Monday, February 6, 2023

Vortex

Vortex; drama / tragedy, France / Belgium / Monaco, 2021; D: Gaspar Noé, S: Dario Argento, Françoise Lebrun, Alex Lutz

An elderly couple in their 80s, living in a house in Paris, is having trouble. The wife wonders around the store and gets losr in the city, so the husband has to find her and return her back home. She suffers from memory loss, and takes medicine daily. Their son, Stephane, comes to visit them and recommends they move to a retirement home, but they don't want to hear about it. The wife takes the manuscipt of her husband, who was writing a book about movies and dreams, tears the papers and throws them into the toilet, angering her husband. One night, the husband has a stroke and falls on a floor. The wife finds him only in the morning, and contacts Stephane. The husband dies in the hospital. The wife wonders around the streets, aimlessly, until she commits suicide in her bed.

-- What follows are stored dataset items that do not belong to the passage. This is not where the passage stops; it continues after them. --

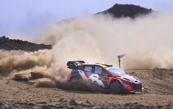 현대자동차는 지난 26일부터 29일(현지시간)까지 사우디아라비아에서 열린 2025 월드랠리챔피언십 열네번째 라운드 '사우디아라비아 랠리'에서 티에리 누빌이 1위를 차지했다고 30일 밝혔다. 사진은 2025 WRC 사우디아라비아 랠리에서 질주하는 현대차 월드랠리팀 'i2…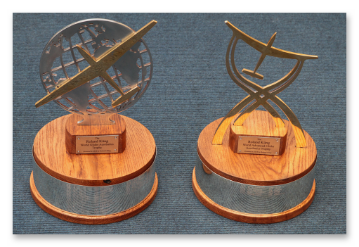 The trophies feature a glider in bronze mounted on a wooden stand.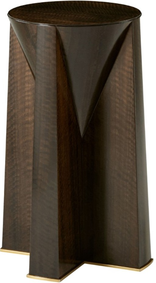 A beautifully crafted and delicately fumed eucalyptus table with a stable cone top featuring eucalyptus veneer. Supported by 4 Cross-section feet with distinct brass appointments on its base. Make a bold statement by incorporating this stunning furniture into your home.Read More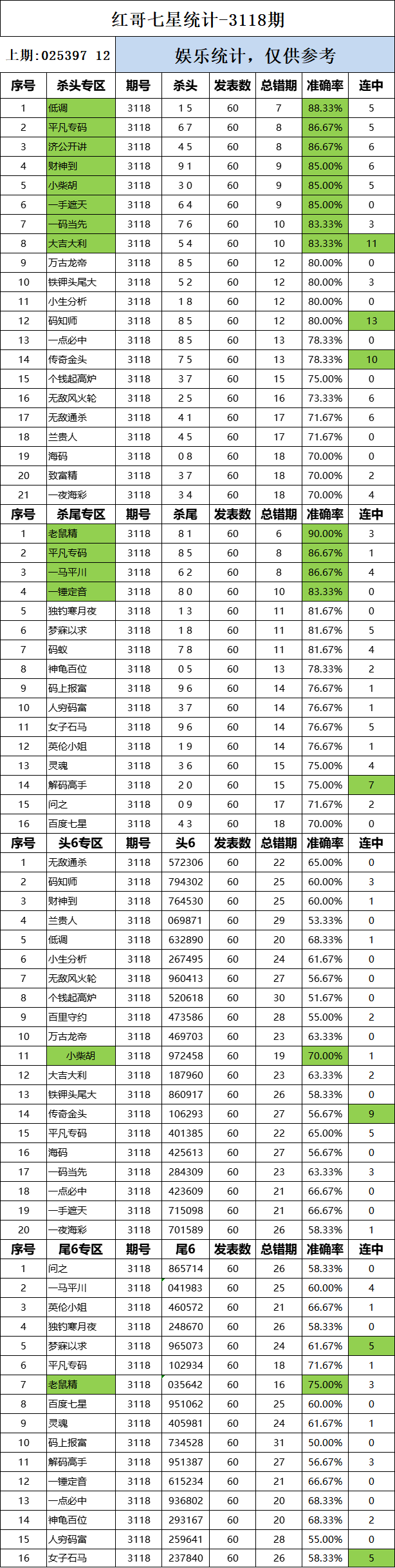 3118期:红哥统计 发表于:2024-11-25 10:33:07 浏览次数:831 上一篇:联通彩票手机报第3117期预测信息 下一篇:3118期:二爹统计 【春哥打奖】 范围码15红11 点播26030期 【天意人生】 范围码15红9 点播26030期 【彩女】 范围码15红9 点播26030期 排列五杀码荣誉榜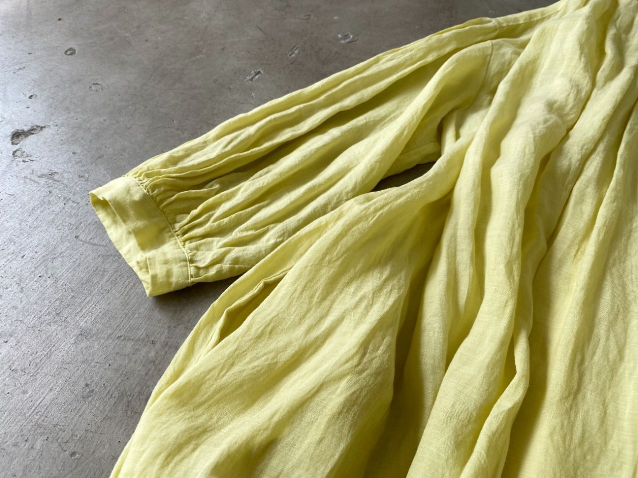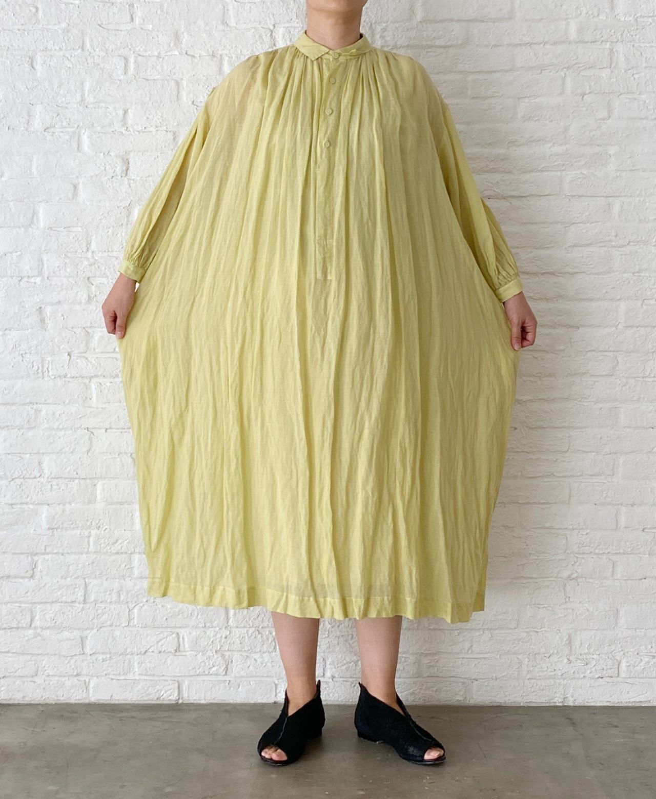 前後でも袖にもギャザーが入って分量感あるワンピースですが、薄手なので着心地は軽いです。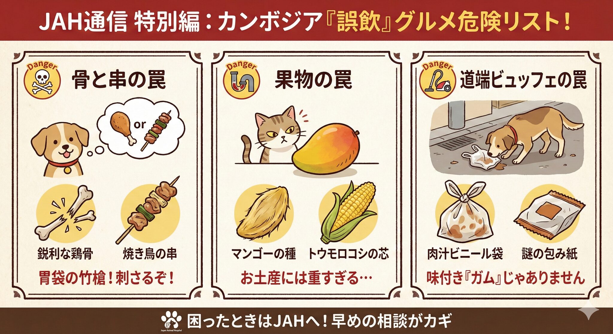 散歩道も油断禁物、そこは巨大な「ビュッフェ会場」です。ポイ捨てされた肉汁付きのビニール袋や焼き鳥の串、そして今の時期ならマンゴーの種。これらは消化されず、腸に詰まると手術コース直行便です。「あ、ダメ!」と叫んだ瞬間、掃除機のような吸引力で証拠隠滅(飲み込み)されたら……飼い主さんは冷や汗ものでしょう。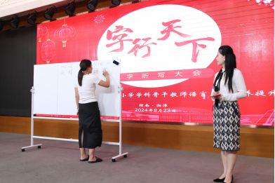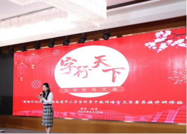 承办的“国培计划”(2024)湖南省中小学学科骨干教师语言文字素养提升研修班“字行天下汉字听写大会”在湘潭市丹迪斯酒店一楼会议厅成功举办。研修班100位学员均踊跃参赛,现场气氛活跃。此次听写大会的评委由“国培计划”项目筹备委员会委员、男同网

Gaspar Noe's least controversial film became also his most critically recognized one, since "Vortex" was hailed by critics, dedicating the story of a dying old couple to everyone who's "brains will dissolve before their heart", as the title puts it. Similarly like Haneke's "Amour", "Vortex" is a minimalistic, bleak and depressive depiction of old age as a trap from which there is no escape, and Noe actually cast Italian director Dario Argento in the lead. Except for the opening and the ending, 95% of the film is filmed in a split screen, one following the old woman, the other the old man, which features a few neat ideas that play with this concept (sometimes both of them in both screens; in one scene the camera shows her with her husband in the same frame on the one side, and her and Stephane in the other frame, featuring only a small camera tilt...). However, while this split-screen 'gimmick' is interesting in the first 30 minutes, once the viewers get use to it, "Vortex" turns out to be a very conventional story with banal dialogues, and with a running time of 140 minutes, it is definitely overstretched and needed to be cut by a third. The sequence where the husband walks across the house at night, has a heart attack and falls on the floor, convulsing in pain for a minute while his wife is asleep in the bedroom, is painful to watch and not for everyone's taste. The events of the husband coping with his wife suffering from dementia are rather stale, sterile and grey, and one wishes they were done with a broader spectrum of a viewring experience, featuring a more versatile writing. We get these realistic characters, but they don't grow on us, nor do they emotionally engage us as much as we wished for.